The DRAM contribution to latency is then tCL + tRCD + 4 clock cycles (to transfer 8 words) in favorable circumstances?

For the Trident Z products at 3,333 MT/s with 16 clock timing and 3,200 MT/s with 14 clock timing, the table below shows the calculated DRAM latency.

At 3,200MT/s and 14 timing, the clock is 0.0625ns, tCL + tRCD = 17.5ns, four clocks is 2.5ns for 20.0ns.

ClockData Rate (MT/s)Timingt (ns)tCL+tRCD+4×clock
0.6003,33316-16-169.60= 21.6ns
0.6253,20014-14-168.75= 20.0ns

It is unclear why the 3,333 MT/s part could not achieve 15 clock latency corresponding to 9.0ns when the 3,200 MT/s part could do 8.75ns. A similar anomaly occurs between the G.Skill 3,600 and 4,000 MT/s parts. It is unclear as to what balance between data transfer rate (bandwidth) and latency is best for gaming systems.

The DIMM

Temperature is a large factor in the achievable latency of current production DRAM parts. That plus one extra timing clock reduction from screened parts could enable 35% lower latency at the DRAM. The question is now whether there is room on existing server motherboards, which have different specifications than desktop motherboards?

The image below is from the a Micron 64GB DDR4 LRDIMM datasheet. This is the full-size module with dimensions 133.48 x 31.25mm, or 5.25 x 1.23in.

  DIMM1c

The thickness of a DIMM is 3.9mm. Note the DIMM is double sided in that there are chip packages on both sides of the module. Below left is an figure from the Micron datasheet. Below right is a representation of a double sided DIMM.

      DIMM1d       DIMMp1

The Motherboard

The image below is from the Supermicro X11 DPU motherboard, showing one of the two Xeon SP sockets with accompanying 12 DIMM slots.

    XeonSPskt2

There are memory channels on each side of the processor and 2 DIMMs per channel. The interior dimension between the white locking tabs of the DIMM slot appears to be 126.65mm or 4.99 in.

Based on the DIMM slot interior length of 126.65 mm, the spacing between DIMM slots is 8.6mm? The spacing between populated DIMM slots is then 8.6 - 3.9mm = 4.7mm. Of course, it would help if Supermicro or other could provide the actual specification.

Below is a photo of a Xeon SP 3647-pin socket with 6 DIMMs on each side.

  XeonSPskt4
Photo credit: TG

Below is a closeup of the DIMM slots populated, which my support my guess of around 4.7mm spacing between DIMMs.

      XeonSPskt3

In case anyone is curious, the image below is for DIMM slots of an Intel Desktop and Xeon E LGA 1151 motherboard.

      XeonEskt

The spacing between DIMMs appears to be 10mm, more than the LGA 3647 motherboard.

DIMM with Heatsink

Below is a representation of two DIMMs based on an 8.6mm spacing between slots and a 4.7mm gap between DIMMs.

      DIMM1

The gap is narrow, but we could have heat sink for a double-sided DIMM as follows.

      DIMM1

The fins of the heat sink could have different offsets between the front and back sides. When multiple adjacent DIMMs are populated, the heat sink fins alternate to use the space between the remaining gap.

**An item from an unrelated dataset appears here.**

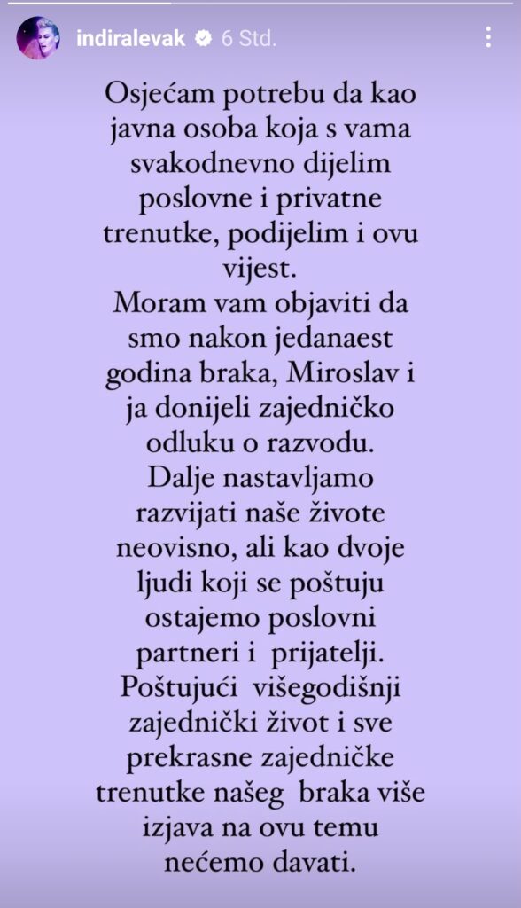 Indira Levak, u regionu poznatija kao Ira Kolonija, po nazivu grupe čiji je član bila dugo godina kada je se i proslavila, na društvenoj mreži Instagram je objavila da se nakon 11 godina braka razvodi od dojučerasnjeg supruga Miroslava Levaka.

It is possible that some sort of mechanism would be needed to insert the entire bank of DIMMs together. Air ducts should be employed to direct airflow over the fins.

Performance Memory at 2,666MT/s

For an ECC RDIMM at 2,666MT/s, the clock is 0.75ns. The standard part timing is 19 clocks, and the E part timing is 18. Assuming that similar timing gains could be achieved at the 55°C temperature bound as in gaming memory, we also look at latency at 14 and 13 clock latencies as well below.

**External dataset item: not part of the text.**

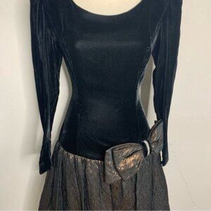 Rimini Black Vintage Velvet and Metallic Bubble Skirt Dress With Bow

GradeData Rate (MT/s)Timing   t (ns)tCL+tRCD+4×clock
-075 2,66619-19-19 14.25= 31.5ns
-075E2,66618-18-18 13.50= 30.0ns
make
this
2,66614-14-14 10.50= 24.0ns
part
please!
2,66613-13-13  9.75= 22.5ns

Note, there is an extra clock for registered DIMMs versus a single unbuffered DIMM, not accounted for above.

Single Processor Xeon SP Memory Latency

In a single processor (socket) Xeon SP system, the memory latency should be 77ns, based on L3 + 58ns and the standard -075 part. The L3 latency for the 28-core XCC die is reported to be 19.5ns, though this might be less for the LCC and HCC dies?

Of the 58ns occurring after L3 miss, we expect 31.5ns to be in the DRAM, and the remainder to be split between the memory controller and transmission time (possibly including the RDIMM overhead?).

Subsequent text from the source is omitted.